Patrick Lawson (1er Vice-Président ANC)

“Ma joie de vous voir, est immense. Le coup de force que la Cour Constitutionnelle a opéré sur les députés ANC est le but de notre marche. Nous avions longuement élucidé sur cette affaire, sur les raisons qui ont poussé le député Ouro-Akpo à en découdre avec Abass Bonfoh. La loi dit que seul le député écrive lui-même sa lettre de démission. Mais notre cas n’a rien avoir avec cette loi. Comme la Cour Constitutionnelle et Abass Bonfoh ne veulent plus nous voir à l’Assemblée, voilà pourquoi ils ont tordu le cou à la loi. Mais nous n’avons pas l’intention de nous taire. Nous avons déposé des recours auprès des juridictions étrangères notamment à Abudja, à l’APE, à l’ACP / UE. Nous exigeons que les radios fermées soient rouvertes.

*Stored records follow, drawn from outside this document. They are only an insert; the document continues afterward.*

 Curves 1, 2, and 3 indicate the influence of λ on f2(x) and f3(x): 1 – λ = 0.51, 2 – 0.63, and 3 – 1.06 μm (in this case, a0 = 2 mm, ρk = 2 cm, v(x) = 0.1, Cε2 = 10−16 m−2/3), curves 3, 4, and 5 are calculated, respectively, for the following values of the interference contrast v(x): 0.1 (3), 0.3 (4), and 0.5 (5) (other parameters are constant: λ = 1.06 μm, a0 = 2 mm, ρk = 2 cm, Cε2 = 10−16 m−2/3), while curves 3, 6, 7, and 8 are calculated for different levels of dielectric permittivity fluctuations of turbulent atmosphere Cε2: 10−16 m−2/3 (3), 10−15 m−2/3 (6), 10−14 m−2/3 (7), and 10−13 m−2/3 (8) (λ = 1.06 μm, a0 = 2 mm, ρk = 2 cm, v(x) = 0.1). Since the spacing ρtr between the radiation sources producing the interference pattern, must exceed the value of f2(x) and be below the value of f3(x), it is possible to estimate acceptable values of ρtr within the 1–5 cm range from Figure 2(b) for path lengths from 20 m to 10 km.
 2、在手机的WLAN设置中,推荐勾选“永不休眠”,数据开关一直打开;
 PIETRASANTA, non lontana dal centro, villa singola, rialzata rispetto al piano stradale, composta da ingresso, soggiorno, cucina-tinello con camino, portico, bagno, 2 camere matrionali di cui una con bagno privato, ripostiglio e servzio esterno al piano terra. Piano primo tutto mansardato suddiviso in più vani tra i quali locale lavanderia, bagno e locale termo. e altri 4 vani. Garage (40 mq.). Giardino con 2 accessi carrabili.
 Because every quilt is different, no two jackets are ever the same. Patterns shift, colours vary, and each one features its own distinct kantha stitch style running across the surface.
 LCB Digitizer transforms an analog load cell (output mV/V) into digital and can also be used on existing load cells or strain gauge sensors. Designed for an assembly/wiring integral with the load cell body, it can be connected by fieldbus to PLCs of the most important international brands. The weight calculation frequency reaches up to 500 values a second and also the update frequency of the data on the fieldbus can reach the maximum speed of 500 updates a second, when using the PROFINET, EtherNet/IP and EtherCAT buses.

Ce sont ces radios qui éclairent plus les populations. Nous n’avons pas compris pourquoi les autorités ont fermé ces radios. Dans les pays normaux, on discute avec les radios et on leur donne un délai raisonnable pour qu’elle puisse se conformer à ce qu’on leur reproche. Nous continuerons la lutte et j’espère que nous aurons la victoire.”

Jean-Pierre Fabre (Président national ANC)

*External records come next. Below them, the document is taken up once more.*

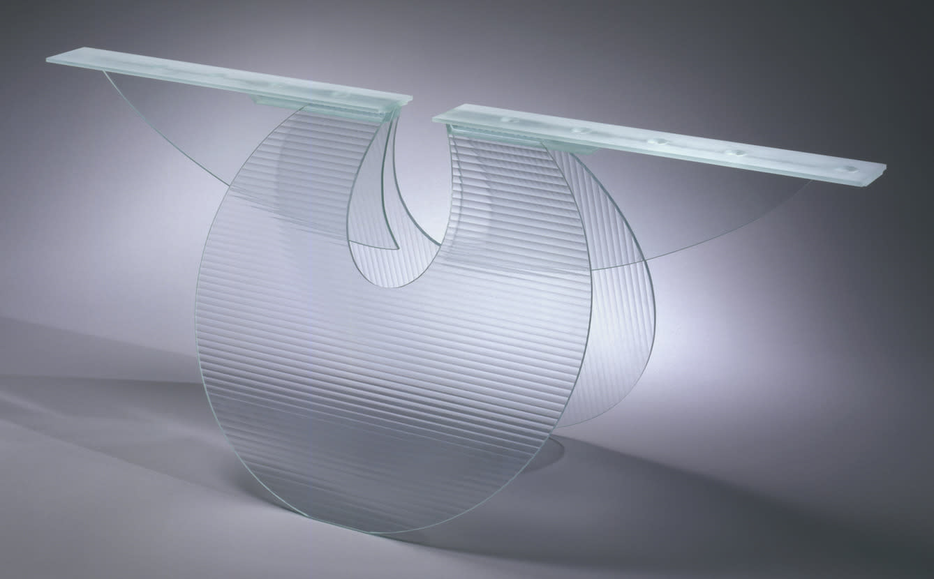 This lamp was originally a glass sculpture, which Weinrib adapted into a Hanukkah lamp at the request of the museum. The artist comments, "The concerns of transparency, translucency, linearity, and weightlessness are elements I have been involved with for many years in my sculpture."
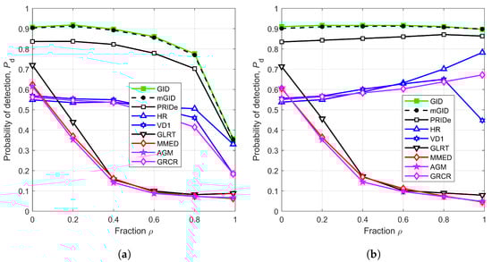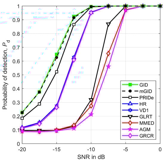 Figure 6 also demonstrates that the performance variation pattern of the PRIDe is similar to the GID and mGID, yielding a better performance for lower values of and a worse performance for higher values of . The other detectors exhibit low sensitivity to the variation in , with the GLRT, MMED, and AGM being practically useless. This is because these three detectors are not robust against variations in the received signal and noise levels, which are implicitly present in the setup used to plot Figure 6.
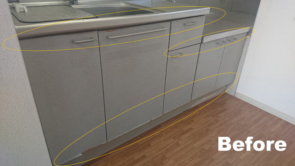 今回は、賃貸アパートの原状回復で、キッチン扉のシート貼替え補修をご紹介します。
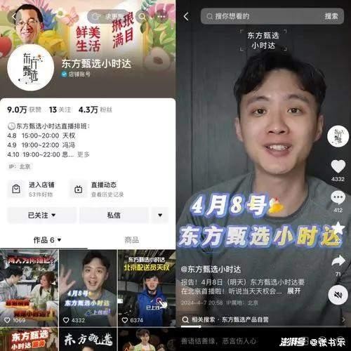 而从粉丝体量来看,“东方甄选小时达”抖音账号目前粉丝数量不高,与其他东方甄选系的账号存在一定差距。
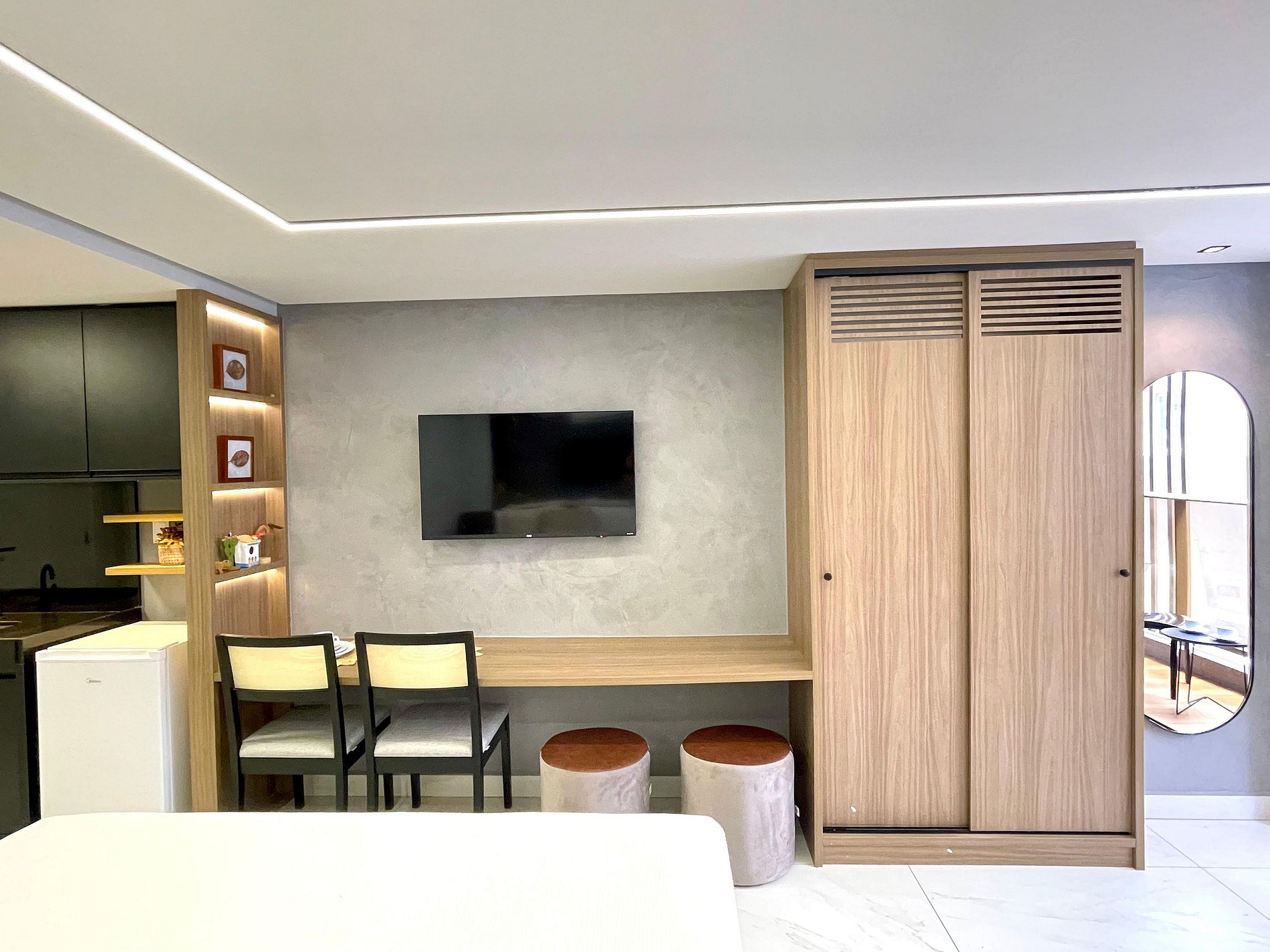 - O flat é super funcional com uma cama queen e sofá cama, guarda-roupa, mesa de apoio.
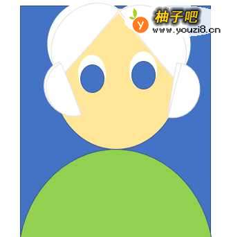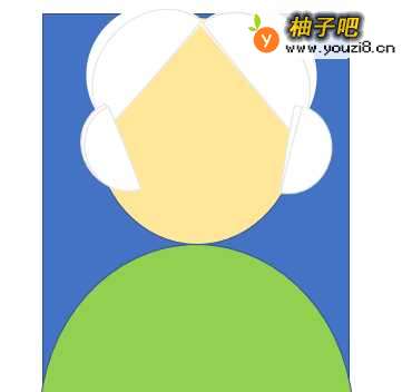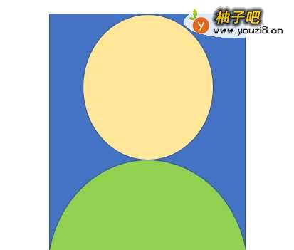 2剪一个浅橙色的椭圆,作为整个作品的头部,粘贴在半圆的上方,两个圆刚好相切,不需要重叠也不能留出缝隙。

“Mes frères, je vous salue tous. Aujourd’hui, nous sommes encore sortis plus nombreux et déterminés. Des gens pensaient que les marches ont pris fin. Nous les avons contourné pour refaire surface et renouer avec nos marches de protestation. Je suis sûr que les marches les gênent mais ils font semblant. Nous allons continuer et nous les délogerons. Tout le film de la Cour Constitutionnelle et de l’Assemblée vous a été déjà fait. On force le député à dire qu’il a démissionné. Cela ressemble fort à une légende. C’est comme je dirai à Koffi que son ami m’a dit qu’il est mort. Si Koffi dit non, j’insisterai qu’on m’a dit qu’il est mort donc il est mort. C’est à cette histoire que ressemble la démission brandie par Abass Bonfoh. Le député dit qu’il n’a pas démissionné. Abass Bonfoh dit que dès qu’on lui a dit qu’il a démissionné, il croit. C’est anormal. Nous devons nous référer à cette citation qui dit « Celui qui laisse commettre une injustice, ouvre la voie à d’autres injustices » pour mener notre lutte. Nous avons laissé trop de temps à la CENI et à la Cour Constitutionnelle pour qu’elles opèrent leur forfaiture. Notre indulgence a fait qu’elles persistent dans leurs manœuvres. Cela est devenu pour elles une habitude. Nous n’allons plus laisser ces injustices se produire au Togo. Quand les élections arrivent, nous avons nos yeux braqués sur le changement. Or, pour arriver au changement, il nous faut assainir les contours de la CENI et de la Cour Constitutionnelle. Nous devons y réfléchir pour trouver des solutions. Il y a quatre mois, mon passeport est bloqué aux services des passeports. Quand je fais la demande, on me dit qu’il est en bonne voie. Ce n’est que de l’injustice. Si aujourd’hui le peuple décide que le RPT quitte le pouvoir, il quittera. Nous devons croire en nous-mêmes. Après la forfaiture de la Cour, nous avons fait des recours. Les responsables, chez qui nous avons fait ces recours, ont été scandalisés de voir qu’en ce 21e siècle, de pareille chose se passe encore au Togo. Ce coup de force ne passera pas. Nous continuerons nos manifestations pour que les Togolais vivent dans la paix et dans la liberté.”